I think the decision is personal though and look forward to hearing what others think.
I think extreme drop outs are rare too - but they do exist. I also think they can be the more extreme MLCers [although that is not invariable] BND, Shades, and Hopefloats all had pretty much drop outs and I think there are more [correct me if I am wrong] My h is a dropout, but I have not discouraged this, because I didn't really want this crazy person around.
I think perhaps more would be drop outs if they could - but equally, some are emotionally incapable of that degree of detachedness, and insist on having their MLC all over and around their spouse.
I think that reconnection may be harder for drop outs, because they have been away for so long. I have seen my once in 9 months . . . .and prior to that it was 5 months . . .
I started to post last night but realized what a complicated issue this is. Two things, this is a personal decision that the LBS has to eventually come down to deciding. This was a life-altering decision ....but I realized as a young girl that sex for me was unfullfilling unless there was love. Thankfully, I didn't have to learn this the hard way.
One's personal decision will be based on lots of variables in these cases. And the variables are dependent on their individual MLC'ER. My personal opinion is; you won't know the outcome unless you try it. And you may not ever be truly able to move forward one way or the other w/o knowing. It would be horrible to have regrets.
I attempted to deal with the cake-eating. It made me feel worse and I suffered more hurt. But it also helped me to understand more about him. This helped me to move forward for myself and to not settle for less.
If it had worked, I would be dealing with a different situation. Either way, I know, w/o regrets. I feel as if I made an 'informed' decision. LOL. The hurt was horrible but living with authenticity is a much more peaceful decision.

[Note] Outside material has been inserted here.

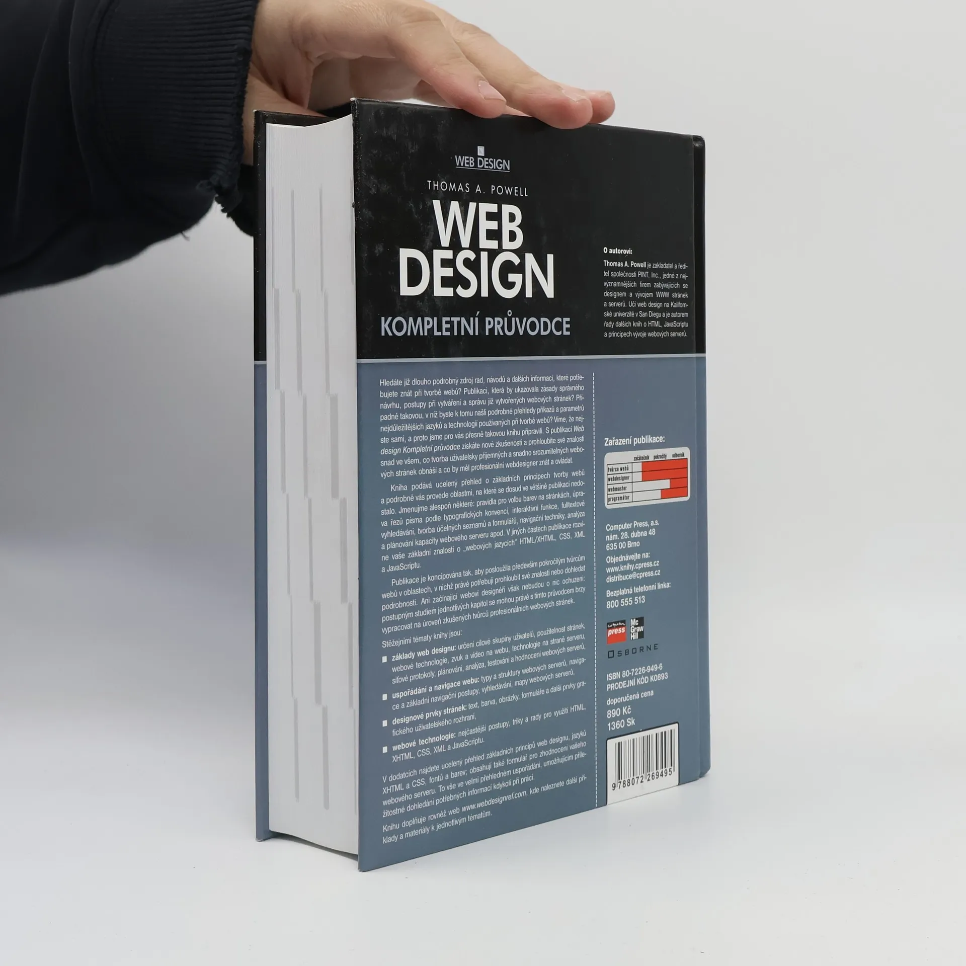 Jedinečný zdroj pro webdesignéry, pokrývající základní principy, postupy navržení a tvorby webu, navigaci, vyhledávání, designové prvky, a triky z HTML, CSS a JavaScriptu. Kniha poskytuje ucelený přehled o tvorbě webů a podrobně se věnuje tématům, která často chybí v jiných publikacích. Obsahuje pravidla pro volbu barev, úpravu písma podle typografických konvencí, interaktivní funkce, fulltextové vyhledávání, tvorbu seznamů a formulářů, navigační techniky a analýzu kapacity webového serveru. Dále rozšiřuje znalosti o webových jazycích HTML/XHTML, CSS, XML a JavaScriptu. Kniha je určena především pokročilým tvůrcům webů, kteří chtějí prohloubit své znalosti, ale i začínající designéři mohou díky postupnému studiu jednotlivých kapitol rychle dosáhnout úrovně zkušených profesionálů. Hlavní témata zahrnují základy web designu, uspořádání a navigaci webu, designové prvky stránek a webové technologie. Autor, Tomas A. Powell, je zakladatel a ředitel PINT, Inc., významné firmy v oblasti designu a vývoje webových stránek, a vyučuje web design na kalifornské univerzitě.

Mickey - thanks for your post: it was the fact that we have quie a lot of relative newbies here who are struggling with this issue that decided me to start the thread. I also hope that someone with a sex averse MLCer like mine would offer their 2c worth.
My h went from literally not being able to keep his hands off me [which I loved and encouraged] to not being able to touch me in the space of about 2 weeks. I think it is extreme guilt in part, but I also think it is denial - if he admitted he still finds me desirable alll the reasons for the OW become less compelling [in his eyes].
This is such a personal decision. When my H first left and was angry about everything I had done wrong in the M, one of the things he said was that sex became mechanical for us. In the couple of months after we separated, we were intimate quite often. Later he said that if sex could fix things that our M would be great.
Sometimes it has made me feel closer to him, like we still have a connection...I believe he felt it too (but then got angry later). I have also thought that if he is getting it from me, then he would be less likely to get it elsewhere..I know that is stupid but...it doesn't matter because nothing has happened there for awhile now.
I have wondered if "performance" issues could be part of this as well. Seems like I have read some things about that and I do believe that hormones could play a part in a MLC.